INFORMATION SUPPLIED →
▶
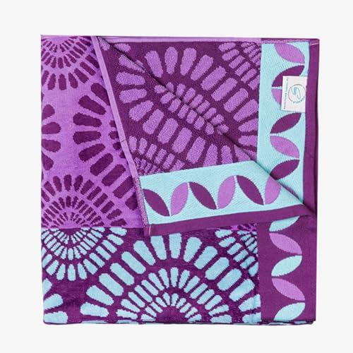 Signoola - منشفة شاطئ من القطن الفاخر من سيجنولا تجمع بين الراحة الفاخرة والاداء العملي مقاس 90 × 170 سم - اصدار دائري بلون موف
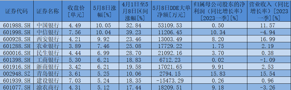 表:5月8日,銀行行業(yè)漲幅超5%個股一覽
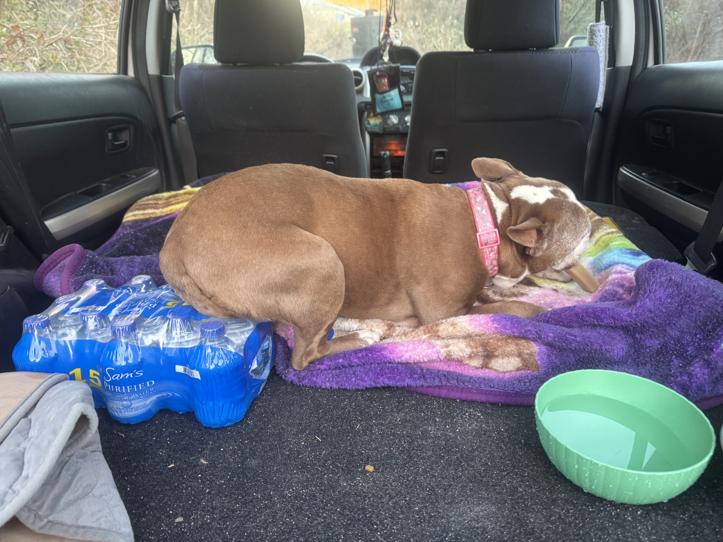 Shania Twain is a red nose pit bully. She’s kind of brownish and white with gold eyes. She is a good nature dog and she’s very calm
◀
TASK TO CARRY OUT → Transcribe the material exactly, leaving every picture out.

RESULT →
 Signoola - منشفة شاطئ من القطن الفاخر من سيجنولا تجمع بين الراحة الفاخرة والاداء العملي مقاس 90 × 170 سم - اصدار دائري بلون موف
 表:5月8日,銀行行業(yè)漲幅超5%個股一覽
 Shania Twain is a red nose pit bully. She’s kind of brownish and white with gold eyes. She is a good nature dog and she’s very calm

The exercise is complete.